4 thoughts on “North Carolina Visit”
At what time is your session? Perhaps I can make it.
How long are you staying in CH? Any socializing plans?
Sorry… 2:30 PM at the Carolina Inn. I’m planning on staying with relatives Friday night. My flight back is Saturday afternoon.
I dug around that website and found it was on 2:30 which was not the time I could make it (picking up the kids from school etc.).
Like the talk you posted above – but how was the “debate”?
Well, hopefully we’ll meet some other time….

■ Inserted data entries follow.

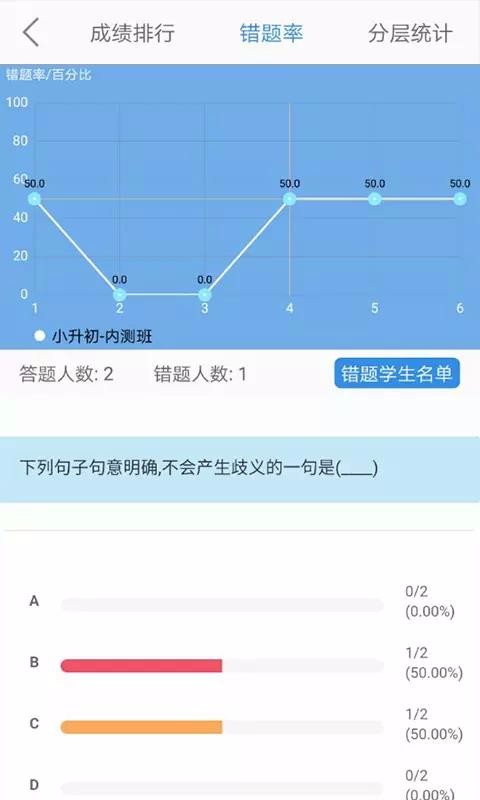 2、查看错题率,知道学生做错题的情况,便于给学生讲解题目的解题方法,提高解题的质量;
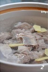 生姜刷干净,去皮,切片。将生姜皮和排骨一起下入清水锅中,煮开后继续煮三四分钟,将排骨捞起沥干,水和姜皮就倒掉不用了
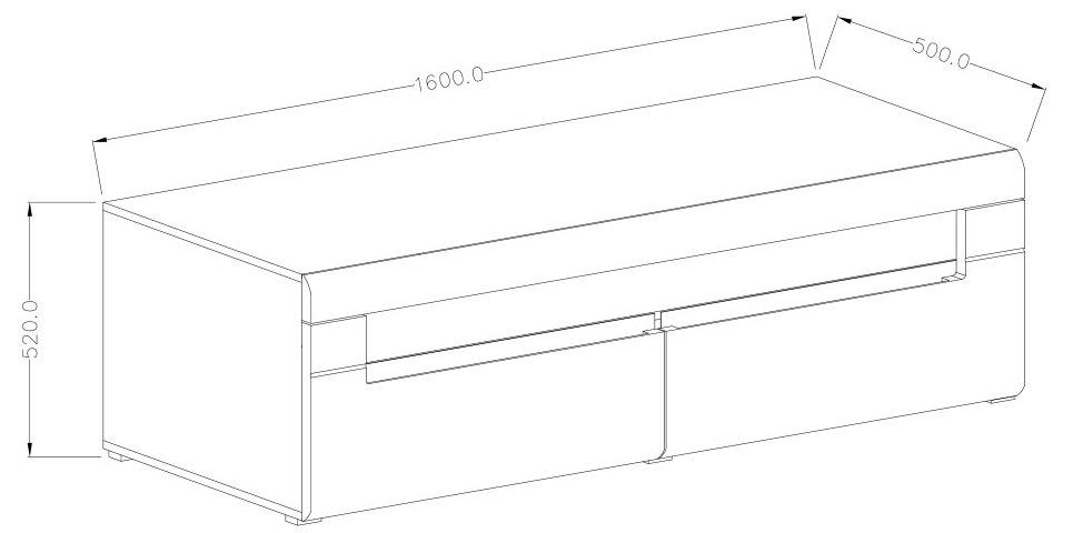 Dimenzije: 1600x520x500 mm Kolekcija pohištva Hektor predstavlja sodobno zasnovano pohištvo za tiste ki cenijo izjemen dizajn. Material: visokokakovosten laminiran bel profil in MDF plošča.
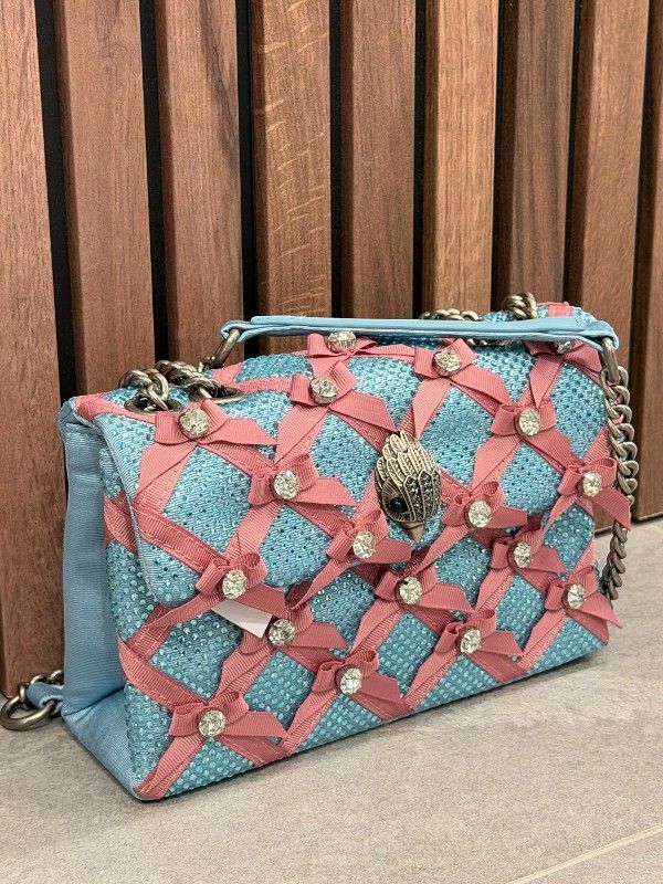 De Kurt Geiger Md Kensington Bows blauwe damestas is een stijlvol accessoire voor elke outfit. Deze prachtige blauwe crossbody tas heeft een verstelbare band en een handige magnetische knoopsluiting. Het iconische Eagle logo op de tas zorgt voor een trendy touch. Draag deze blauwe Kurt Geiger tas comfortabel crossbody en geniet van een modieuze look. Voeg een verfijnd detail toe aan je dagelijkse outfit met deze prachtige Kurt Geiger damestas. Perfect voor modebewuste trendsetters!
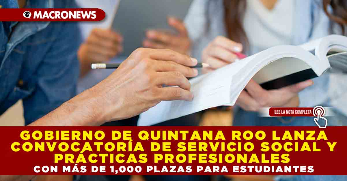 Redacción Macronews.- El Gobierno del Estado de Quintana Roo lanzó una convocatoria con más de 1 000 oportunidades para que estudiantes realicen su servicio social, práctica profesional, residencia o estadía en dependencias estatales, a fin de impulsar la formación de talento y fortalecer el desempeño público. La inscripción ya está abierta para todos los niveles educativos que cumplan con los requisitos establecidos.
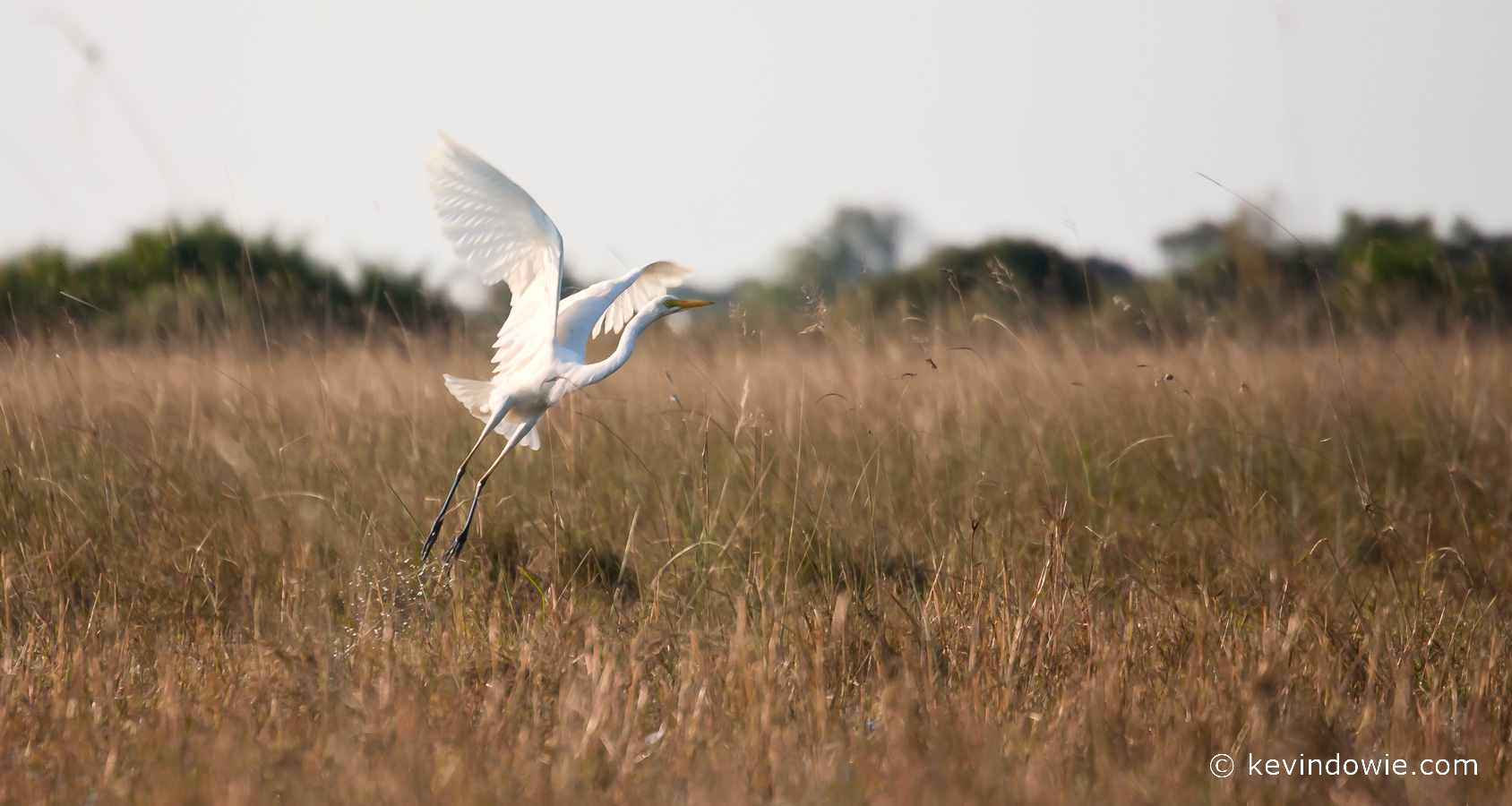 Cattle Egret taking off from reed bed, Okavango Delta.

The “debate” went reasonably well. There were prepared questions that we took for about 15 minutes, and then questions from the audience. I’ve been thinking of ways to counter the masses of quotes used by Minnich in his responses. There was a plain misquote, an assertion that Daniel Dennett had advocated taking children away from parents who advocated creationism. I said I was skeptical that Dennett said any such thing, noting Dennett’s actual stance that not all beliefs deserve protection and respect, where his idea of quarantine was made in the context of talking about belief systems that advocated violence or murder. I was able to look up stuff about Dennett and found that William Dembski had made a similar statement in 2000, which he then “clarified” (Billy Grassie called it a retraction). I mentioned this to Minnich following the end of the symposium, and he said that perhaps he was thinking about something Dawkins said.